Levin: Something we hope feels pioneering in Apple Tree Yard is the portrayal of a middle-aged woman enjoying her sexuality. At the beginning of the story Yvonne is at a moment of transition, when women evolve from being extremely visible to virtually invisible, but crucially, she’s captured at the moment just before she accepts that fact. Having done everything so very right for so very long, on some level Yvonne believes she deserves this last fling. Before everything goes wrong, she’s lit up by her affair with Mark Costley in a way we’re not used to seeing on screen.

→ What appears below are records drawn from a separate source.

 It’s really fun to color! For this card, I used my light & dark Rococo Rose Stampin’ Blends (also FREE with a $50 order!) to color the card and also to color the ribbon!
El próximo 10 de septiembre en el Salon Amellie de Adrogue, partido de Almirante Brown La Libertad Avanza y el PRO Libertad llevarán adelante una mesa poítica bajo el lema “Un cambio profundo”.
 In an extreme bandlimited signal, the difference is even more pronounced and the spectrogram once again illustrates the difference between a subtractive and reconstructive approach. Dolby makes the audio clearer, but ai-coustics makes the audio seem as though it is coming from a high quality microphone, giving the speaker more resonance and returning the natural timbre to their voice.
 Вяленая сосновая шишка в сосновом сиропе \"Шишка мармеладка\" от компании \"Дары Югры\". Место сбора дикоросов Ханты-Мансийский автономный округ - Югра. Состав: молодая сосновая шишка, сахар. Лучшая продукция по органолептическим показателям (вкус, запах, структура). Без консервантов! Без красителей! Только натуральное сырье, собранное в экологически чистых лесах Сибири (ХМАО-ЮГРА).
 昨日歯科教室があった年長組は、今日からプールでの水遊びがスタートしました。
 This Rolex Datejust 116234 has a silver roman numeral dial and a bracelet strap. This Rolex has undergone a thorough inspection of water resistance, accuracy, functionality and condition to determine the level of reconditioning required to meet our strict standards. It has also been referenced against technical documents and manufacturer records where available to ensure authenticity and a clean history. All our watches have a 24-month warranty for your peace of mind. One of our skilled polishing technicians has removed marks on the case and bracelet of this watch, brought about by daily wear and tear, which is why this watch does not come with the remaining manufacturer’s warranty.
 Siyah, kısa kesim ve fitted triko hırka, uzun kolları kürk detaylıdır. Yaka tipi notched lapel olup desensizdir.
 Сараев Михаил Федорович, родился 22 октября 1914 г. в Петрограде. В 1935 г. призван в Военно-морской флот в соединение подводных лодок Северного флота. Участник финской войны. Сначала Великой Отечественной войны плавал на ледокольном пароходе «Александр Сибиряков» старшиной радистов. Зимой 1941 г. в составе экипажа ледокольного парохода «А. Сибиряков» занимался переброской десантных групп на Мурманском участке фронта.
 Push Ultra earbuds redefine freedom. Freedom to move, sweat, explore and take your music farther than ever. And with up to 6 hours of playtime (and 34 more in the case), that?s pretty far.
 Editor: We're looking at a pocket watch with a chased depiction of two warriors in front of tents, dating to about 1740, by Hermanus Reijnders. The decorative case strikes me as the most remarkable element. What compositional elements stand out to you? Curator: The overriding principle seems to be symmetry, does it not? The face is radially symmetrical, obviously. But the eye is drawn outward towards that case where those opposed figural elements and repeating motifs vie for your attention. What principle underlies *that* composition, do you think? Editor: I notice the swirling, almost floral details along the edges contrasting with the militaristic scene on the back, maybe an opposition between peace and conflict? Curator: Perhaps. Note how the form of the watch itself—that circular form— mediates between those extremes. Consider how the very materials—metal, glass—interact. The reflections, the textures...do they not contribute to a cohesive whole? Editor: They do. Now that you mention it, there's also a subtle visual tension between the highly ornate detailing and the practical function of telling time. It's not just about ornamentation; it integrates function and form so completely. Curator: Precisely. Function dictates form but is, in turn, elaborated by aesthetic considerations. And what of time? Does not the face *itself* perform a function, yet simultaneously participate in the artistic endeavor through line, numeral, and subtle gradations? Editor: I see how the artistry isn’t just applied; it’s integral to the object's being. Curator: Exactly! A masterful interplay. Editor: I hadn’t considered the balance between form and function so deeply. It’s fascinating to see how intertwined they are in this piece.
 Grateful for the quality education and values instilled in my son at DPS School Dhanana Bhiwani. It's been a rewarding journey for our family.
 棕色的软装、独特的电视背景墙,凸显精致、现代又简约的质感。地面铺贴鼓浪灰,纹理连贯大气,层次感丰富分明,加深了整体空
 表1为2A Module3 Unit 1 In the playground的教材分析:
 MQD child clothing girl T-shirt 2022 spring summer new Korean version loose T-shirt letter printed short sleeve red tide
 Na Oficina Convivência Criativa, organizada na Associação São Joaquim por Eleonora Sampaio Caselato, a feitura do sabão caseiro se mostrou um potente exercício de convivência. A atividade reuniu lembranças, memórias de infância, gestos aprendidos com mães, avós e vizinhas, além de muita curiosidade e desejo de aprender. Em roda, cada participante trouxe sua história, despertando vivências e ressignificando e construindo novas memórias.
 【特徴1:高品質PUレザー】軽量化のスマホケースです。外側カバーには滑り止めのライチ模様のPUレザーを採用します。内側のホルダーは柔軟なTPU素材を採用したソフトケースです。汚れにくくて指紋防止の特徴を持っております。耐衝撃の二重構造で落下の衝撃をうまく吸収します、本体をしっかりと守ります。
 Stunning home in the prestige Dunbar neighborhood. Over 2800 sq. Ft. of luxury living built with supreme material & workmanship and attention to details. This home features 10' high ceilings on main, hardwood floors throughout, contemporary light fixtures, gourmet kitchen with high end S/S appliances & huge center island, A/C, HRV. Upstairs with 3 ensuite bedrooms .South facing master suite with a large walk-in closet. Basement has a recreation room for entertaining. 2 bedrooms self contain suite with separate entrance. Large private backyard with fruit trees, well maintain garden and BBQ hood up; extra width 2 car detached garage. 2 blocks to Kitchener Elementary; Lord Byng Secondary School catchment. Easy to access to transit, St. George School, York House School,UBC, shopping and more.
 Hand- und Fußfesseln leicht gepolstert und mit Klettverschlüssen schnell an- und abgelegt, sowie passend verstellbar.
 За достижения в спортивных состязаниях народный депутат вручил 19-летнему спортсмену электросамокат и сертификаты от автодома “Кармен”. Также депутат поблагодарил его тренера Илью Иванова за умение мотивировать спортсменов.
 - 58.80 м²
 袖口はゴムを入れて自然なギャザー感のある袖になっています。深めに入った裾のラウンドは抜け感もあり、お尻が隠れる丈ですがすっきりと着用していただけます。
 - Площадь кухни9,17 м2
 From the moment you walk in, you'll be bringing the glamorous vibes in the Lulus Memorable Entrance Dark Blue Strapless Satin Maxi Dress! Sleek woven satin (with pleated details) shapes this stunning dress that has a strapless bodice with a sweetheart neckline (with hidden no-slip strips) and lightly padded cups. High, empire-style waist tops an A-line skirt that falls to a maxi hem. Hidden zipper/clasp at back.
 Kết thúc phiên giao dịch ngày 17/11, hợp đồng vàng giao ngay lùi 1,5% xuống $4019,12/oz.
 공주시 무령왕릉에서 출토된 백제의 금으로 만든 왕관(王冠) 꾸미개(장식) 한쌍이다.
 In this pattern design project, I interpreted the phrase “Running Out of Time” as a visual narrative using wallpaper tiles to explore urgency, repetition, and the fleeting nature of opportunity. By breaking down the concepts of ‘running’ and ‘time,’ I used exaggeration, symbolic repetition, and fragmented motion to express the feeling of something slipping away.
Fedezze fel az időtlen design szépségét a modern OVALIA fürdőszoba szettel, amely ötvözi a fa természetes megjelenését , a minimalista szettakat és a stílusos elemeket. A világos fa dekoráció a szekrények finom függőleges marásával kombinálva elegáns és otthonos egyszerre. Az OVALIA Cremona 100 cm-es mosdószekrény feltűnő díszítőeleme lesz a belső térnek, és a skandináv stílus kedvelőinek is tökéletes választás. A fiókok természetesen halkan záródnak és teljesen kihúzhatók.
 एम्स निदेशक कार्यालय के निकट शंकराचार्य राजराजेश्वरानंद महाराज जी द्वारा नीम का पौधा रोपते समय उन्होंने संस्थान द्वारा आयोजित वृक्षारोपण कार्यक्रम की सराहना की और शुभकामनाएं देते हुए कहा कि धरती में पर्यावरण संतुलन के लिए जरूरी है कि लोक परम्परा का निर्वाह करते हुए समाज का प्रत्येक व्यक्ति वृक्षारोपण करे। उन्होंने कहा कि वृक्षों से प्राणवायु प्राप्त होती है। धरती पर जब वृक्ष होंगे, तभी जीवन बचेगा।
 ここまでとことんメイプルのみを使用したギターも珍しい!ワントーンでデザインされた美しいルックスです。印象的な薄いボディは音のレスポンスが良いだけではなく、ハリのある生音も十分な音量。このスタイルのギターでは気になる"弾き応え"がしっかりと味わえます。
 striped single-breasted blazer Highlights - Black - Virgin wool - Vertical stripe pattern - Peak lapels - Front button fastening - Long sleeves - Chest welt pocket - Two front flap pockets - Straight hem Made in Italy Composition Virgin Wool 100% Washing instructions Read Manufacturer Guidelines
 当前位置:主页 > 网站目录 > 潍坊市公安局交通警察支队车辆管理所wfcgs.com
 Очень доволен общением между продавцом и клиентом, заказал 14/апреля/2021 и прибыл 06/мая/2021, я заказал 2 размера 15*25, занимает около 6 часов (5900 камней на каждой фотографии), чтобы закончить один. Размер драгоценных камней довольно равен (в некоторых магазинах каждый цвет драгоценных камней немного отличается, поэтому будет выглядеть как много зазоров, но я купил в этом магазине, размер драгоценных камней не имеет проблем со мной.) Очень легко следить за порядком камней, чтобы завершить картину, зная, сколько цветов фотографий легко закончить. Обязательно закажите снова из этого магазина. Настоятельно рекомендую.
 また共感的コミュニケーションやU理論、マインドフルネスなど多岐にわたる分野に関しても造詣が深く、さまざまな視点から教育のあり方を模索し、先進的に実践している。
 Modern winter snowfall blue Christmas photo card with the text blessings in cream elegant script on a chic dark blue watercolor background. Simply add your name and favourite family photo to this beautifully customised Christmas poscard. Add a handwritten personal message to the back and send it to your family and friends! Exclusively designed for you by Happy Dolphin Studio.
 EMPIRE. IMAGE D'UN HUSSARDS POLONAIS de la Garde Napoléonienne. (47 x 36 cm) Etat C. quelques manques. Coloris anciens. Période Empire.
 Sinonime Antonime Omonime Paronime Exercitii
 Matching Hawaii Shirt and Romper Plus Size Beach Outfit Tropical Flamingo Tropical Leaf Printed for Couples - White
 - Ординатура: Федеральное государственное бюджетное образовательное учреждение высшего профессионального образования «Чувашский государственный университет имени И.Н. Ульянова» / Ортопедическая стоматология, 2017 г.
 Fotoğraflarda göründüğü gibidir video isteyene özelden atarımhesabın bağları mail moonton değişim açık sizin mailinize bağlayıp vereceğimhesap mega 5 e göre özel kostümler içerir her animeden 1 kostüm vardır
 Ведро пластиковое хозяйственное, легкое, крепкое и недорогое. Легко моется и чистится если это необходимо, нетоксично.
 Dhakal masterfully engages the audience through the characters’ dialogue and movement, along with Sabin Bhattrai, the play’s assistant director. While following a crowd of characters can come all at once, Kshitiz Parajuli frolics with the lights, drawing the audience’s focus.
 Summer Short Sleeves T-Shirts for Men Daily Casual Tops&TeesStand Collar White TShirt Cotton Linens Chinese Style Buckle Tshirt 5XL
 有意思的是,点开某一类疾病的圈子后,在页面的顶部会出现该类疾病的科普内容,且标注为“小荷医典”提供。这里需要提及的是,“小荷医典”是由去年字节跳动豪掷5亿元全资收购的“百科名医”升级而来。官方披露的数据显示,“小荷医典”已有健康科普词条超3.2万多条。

Louise Doughty’s novel sold more than 250,000 copies in the UK alone

Unfortunately, something we fear may also feel pioneering is having a middle-aged woman as the protagonist at all, the person to whom things happen and who makes things happen in their turn. Yvonne isn’t just a mother, or a daughter, or a wife, or a ‘career woman,’ but all of those and a lover to boot – a complex, contradictory leading lady, portrayed with courage and passion by the extraordinary Emily Watson.

Our aspiration for the show is that the audience will walk in Yvonne Carmichael’s shoes for four gripping episodes. And along with judging her – whose transgression has such catastrophic and punitive repercussions – they might flip the mirror to reflect on our society’s rush to judgement of all women, and in particular those who own their sexuality.